> [SOURCE RECORDS]:
────────────────────────────────────────

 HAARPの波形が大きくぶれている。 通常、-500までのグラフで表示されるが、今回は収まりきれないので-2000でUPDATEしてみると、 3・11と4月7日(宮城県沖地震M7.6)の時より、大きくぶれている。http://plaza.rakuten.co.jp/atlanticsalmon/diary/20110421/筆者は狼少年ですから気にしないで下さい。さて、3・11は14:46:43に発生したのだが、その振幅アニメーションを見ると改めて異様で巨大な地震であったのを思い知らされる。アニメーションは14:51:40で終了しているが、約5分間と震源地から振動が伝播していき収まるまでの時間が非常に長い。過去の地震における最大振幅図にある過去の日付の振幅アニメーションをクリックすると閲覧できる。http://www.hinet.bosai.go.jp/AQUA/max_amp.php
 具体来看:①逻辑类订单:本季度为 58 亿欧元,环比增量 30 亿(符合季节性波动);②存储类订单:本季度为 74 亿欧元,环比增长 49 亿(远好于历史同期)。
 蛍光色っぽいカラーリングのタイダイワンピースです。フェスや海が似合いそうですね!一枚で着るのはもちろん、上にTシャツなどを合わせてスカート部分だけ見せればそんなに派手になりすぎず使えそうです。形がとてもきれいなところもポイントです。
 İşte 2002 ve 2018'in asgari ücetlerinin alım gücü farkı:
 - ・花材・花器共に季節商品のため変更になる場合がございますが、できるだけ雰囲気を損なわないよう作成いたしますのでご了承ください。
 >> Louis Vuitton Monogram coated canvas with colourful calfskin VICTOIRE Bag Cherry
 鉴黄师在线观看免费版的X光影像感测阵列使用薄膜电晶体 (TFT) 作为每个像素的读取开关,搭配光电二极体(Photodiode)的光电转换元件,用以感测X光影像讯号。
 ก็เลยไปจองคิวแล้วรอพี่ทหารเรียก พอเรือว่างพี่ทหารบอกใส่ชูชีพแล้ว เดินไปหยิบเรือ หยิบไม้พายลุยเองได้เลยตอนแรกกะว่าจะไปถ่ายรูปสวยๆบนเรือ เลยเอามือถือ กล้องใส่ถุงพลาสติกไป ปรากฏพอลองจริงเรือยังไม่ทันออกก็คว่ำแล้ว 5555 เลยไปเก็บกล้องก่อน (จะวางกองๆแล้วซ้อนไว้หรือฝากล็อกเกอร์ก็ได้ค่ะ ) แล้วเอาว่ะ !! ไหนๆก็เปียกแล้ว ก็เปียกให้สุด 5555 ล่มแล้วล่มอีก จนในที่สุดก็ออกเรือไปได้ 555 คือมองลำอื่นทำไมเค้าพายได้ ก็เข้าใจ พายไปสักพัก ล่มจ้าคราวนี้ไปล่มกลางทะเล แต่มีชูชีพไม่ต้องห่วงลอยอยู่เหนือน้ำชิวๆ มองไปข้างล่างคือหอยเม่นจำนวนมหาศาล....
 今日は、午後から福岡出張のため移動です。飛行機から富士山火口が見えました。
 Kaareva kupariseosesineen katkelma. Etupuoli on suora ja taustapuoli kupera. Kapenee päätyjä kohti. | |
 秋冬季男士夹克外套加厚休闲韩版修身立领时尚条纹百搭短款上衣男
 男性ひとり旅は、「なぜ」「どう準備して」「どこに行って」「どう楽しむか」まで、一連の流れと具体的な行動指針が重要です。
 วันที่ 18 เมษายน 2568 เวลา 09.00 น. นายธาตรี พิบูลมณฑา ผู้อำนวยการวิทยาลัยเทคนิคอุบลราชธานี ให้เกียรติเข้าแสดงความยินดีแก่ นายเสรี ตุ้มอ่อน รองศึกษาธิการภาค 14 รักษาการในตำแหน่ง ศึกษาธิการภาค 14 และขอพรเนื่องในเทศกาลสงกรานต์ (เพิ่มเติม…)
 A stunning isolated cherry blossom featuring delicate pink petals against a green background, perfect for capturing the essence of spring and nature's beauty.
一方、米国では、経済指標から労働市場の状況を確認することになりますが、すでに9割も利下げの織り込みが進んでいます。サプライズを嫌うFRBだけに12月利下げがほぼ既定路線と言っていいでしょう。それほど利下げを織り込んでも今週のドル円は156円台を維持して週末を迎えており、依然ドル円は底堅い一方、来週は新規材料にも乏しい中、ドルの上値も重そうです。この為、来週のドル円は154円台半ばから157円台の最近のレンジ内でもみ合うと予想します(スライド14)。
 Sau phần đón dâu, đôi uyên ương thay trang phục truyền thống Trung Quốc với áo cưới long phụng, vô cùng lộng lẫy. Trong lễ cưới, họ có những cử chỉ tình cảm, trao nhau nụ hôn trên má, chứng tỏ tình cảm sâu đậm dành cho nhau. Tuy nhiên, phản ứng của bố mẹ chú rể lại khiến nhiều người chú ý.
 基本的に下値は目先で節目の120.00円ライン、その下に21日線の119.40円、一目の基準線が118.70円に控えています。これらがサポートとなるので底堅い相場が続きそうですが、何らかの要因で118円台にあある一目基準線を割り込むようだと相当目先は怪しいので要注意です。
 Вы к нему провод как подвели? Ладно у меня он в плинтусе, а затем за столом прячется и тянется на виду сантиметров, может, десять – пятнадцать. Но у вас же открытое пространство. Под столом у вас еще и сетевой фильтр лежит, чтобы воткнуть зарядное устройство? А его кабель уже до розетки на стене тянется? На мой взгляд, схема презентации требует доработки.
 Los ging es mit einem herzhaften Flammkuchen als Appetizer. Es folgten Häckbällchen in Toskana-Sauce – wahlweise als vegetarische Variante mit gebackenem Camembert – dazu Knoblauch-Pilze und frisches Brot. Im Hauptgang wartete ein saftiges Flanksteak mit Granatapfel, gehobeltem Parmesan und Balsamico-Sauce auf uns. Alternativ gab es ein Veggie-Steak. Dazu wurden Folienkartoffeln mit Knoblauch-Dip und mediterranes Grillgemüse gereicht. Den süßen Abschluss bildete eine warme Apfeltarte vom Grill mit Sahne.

────────────────────────────────────────

> [WORK REQUIRED]:
Could you copy out the data in full, exactly as it is written?

> [SOLUTION TO THIS PROBLEM]:
 HAARPの波形が大きくぶれている。 通常、-500までのグラフで表示されるが、今回は収まりきれないので-2000でUPDATEしてみると、 3・11と4月7日(宮城県沖地震M7.6)の時より、大きくぶれている。http://plaza.rakuten.co.jp/atlanticsalmon/diary/20110421/筆者は狼少年ですから気にしないで下さい。さて、3・11は14:46:43に発生したのだが、その振幅アニメーションを見ると改めて異様で巨大な地震であったのを思い知らされる。アニメーションは14:51:40で終了しているが、約5分間と震源地から振動が伝播していき収まるまでの時間が非常に長い。過去の地震における最大振幅図にある過去の日付の振幅アニメーションをクリックすると閲覧できる。http://www.hinet.bosai.go.jp/AQUA/max_amp.php
 具体来看:①逻辑类订单:本季度为 58 亿欧元,环比增量 30 亿(符合季节性波动);②存储类订单:本季度为 74 亿欧元,环比增长 49 亿(远好于历史同期)。
 蛍光色っぽいカラーリングのタイダイワンピースです。フェスや海が似合いそうですね!一枚で着るのはもちろん、上にTシャツなどを合わせてスカート部分だけ見せればそんなに派手になりすぎず使えそうです。形がとてもきれいなところもポイントです。
 İşte 2002 ve 2018'in asgari ücetlerinin alım gücü farkı:
 - ・花材・花器共に季節商品のため変更になる場合がございますが、できるだけ雰囲気を損なわないよう作成いたしますのでご了承ください。
 >> Louis Vuitton Monogram coated canvas with colourful calfskin VICTOIRE Bag Cherry
 鉴黄师在线观看免费版的X光影像感测阵列使用薄膜电晶体 (TFT) 作为每个像素的读取开关,搭配光电二极体(Photodiode)的光电转换元件,用以感测X光影像讯号。
 ก็เลยไปจองคิวแล้วรอพี่ทหารเรียก พอเรือว่างพี่ทหารบอกใส่ชูชีพแล้ว เดินไปหยิบเรือ หยิบไม้พายลุยเองได้เลยตอนแรกกะว่าจะไปถ่ายรูปสวยๆบนเรือ เลยเอามือถือ กล้องใส่ถุงพลาสติกไป ปรากฏพอลองจริงเรือยังไม่ทันออกก็คว่ำแล้ว 5555 เลยไปเก็บกล้องก่อน (จะวางกองๆแล้วซ้อนไว้หรือฝากล็อกเกอร์ก็ได้ค่ะ ) แล้วเอาว่ะ !! ไหนๆก็เปียกแล้ว ก็เปียกให้สุด 5555 ล่มแล้วล่มอีก จนในที่สุดก็ออกเรือไปได้ 555 คือมองลำอื่นทำไมเค้าพายได้ ก็เข้าใจ พายไปสักพัก ล่มจ้าคราวนี้ไปล่มกลางทะเล แต่มีชูชีพไม่ต้องห่วงลอยอยู่เหนือน้ำชิวๆ มองไปข้างล่างคือหอยเม่นจำนวนมหาศาล....
 今日は、午後から福岡出張のため移動です。飛行機から富士山火口が見えました。
 Kaareva kupariseosesineen katkelma. Etupuoli on suora ja taustapuoli kupera. Kapenee päätyjä kohti. | |
 秋冬季男士夹克外套加厚休闲韩版修身立领时尚条纹百搭短款上衣男
 男性ひとり旅は、「なぜ」「どう準備して」「どこに行って」「どう楽しむか」まで、一連の流れと具体的な行動指針が重要です。
 วันที่ 18 เมษายน 2568 เวลา 09.00 น. นายธาตรี พิบูลมณฑา ผู้อำนวยการวิทยาลัยเทคนิคอุบลราชธานี ให้เกียรติเข้าแสดงความยินดีแก่ นายเสรี ตุ้มอ่อน รองศึกษาธิการภาค 14 รักษาการในตำแหน่ง ศึกษาธิการภาค 14 และขอพรเนื่องในเทศกาลสงกรานต์ (เพิ่มเติม…)
 A stunning isolated cherry blossom featuring delicate pink petals against a green background, perfect for capturing the essence of spring and nature's beauty.
一方、米国では、経済指標から労働市場の状況を確認することになりますが、すでに9割も利下げの織り込みが進んでいます。サプライズを嫌うFRBだけに12月利下げがほぼ既定路線と言っていいでしょう。それほど利下げを織り込んでも今週のドル円は156円台を維持して週末を迎えており、依然ドル円は底堅い一方、来週は新規材料にも乏しい中、ドルの上値も重そうです。この為、来週のドル円は154円台半ばから157円台の最近のレンジ内でもみ合うと予想します(スライド14)。
 Sau phần đón dâu, đôi uyên ương thay trang phục truyền thống Trung Quốc với áo cưới long phụng, vô cùng lộng lẫy. Trong lễ cưới, họ có những cử chỉ tình cảm, trao nhau nụ hôn trên má, chứng tỏ tình cảm sâu đậm dành cho nhau. Tuy nhiên, phản ứng của bố mẹ chú rể lại khiến nhiều người chú ý.
 基本的に下値は目先で節目の120.00円ライン、その下に21日線の119.40円、一目の基準線が118.70円に控えています。これらがサポートとなるので底堅い相場が続きそうですが、何らかの要因で118円台にあある一目基準線を割り込むようだと相当目先は怪しいので要注意です。
 Вы к нему провод как подвели? Ладно у меня он в плинтусе, а затем за столом прячется и тянется на виду сантиметров, может, десять – пятнадцать. Но у вас же открытое пространство. Под столом у вас еще и сетевой фильтр лежит, чтобы воткнуть зарядное устройство? А его кабель уже до розетки на стене тянется? На мой взгляд, схема презентации требует доработки.
 Los ging es mit einem herzhaften Flammkuchen als Appetizer. Es folgten Häckbällchen in Toskana-Sauce – wahlweise als vegetarische Variante mit gebackenem Camembert – dazu Knoblauch-Pilze und frisches Brot. Im Hauptgang wartete ein saftiges Flanksteak mit Granatapfel, gehobeltem Parmesan und Balsamico-Sauce auf uns. Alternativ gab es ein Veggie-Steak. Dazu wurden Folienkartoffeln mit Knoblauch-Dip und mediterranes Grillgemüse gereicht. Den süßen Abschluss bildete eine warme Apfeltarte vom Grill mit Sahne.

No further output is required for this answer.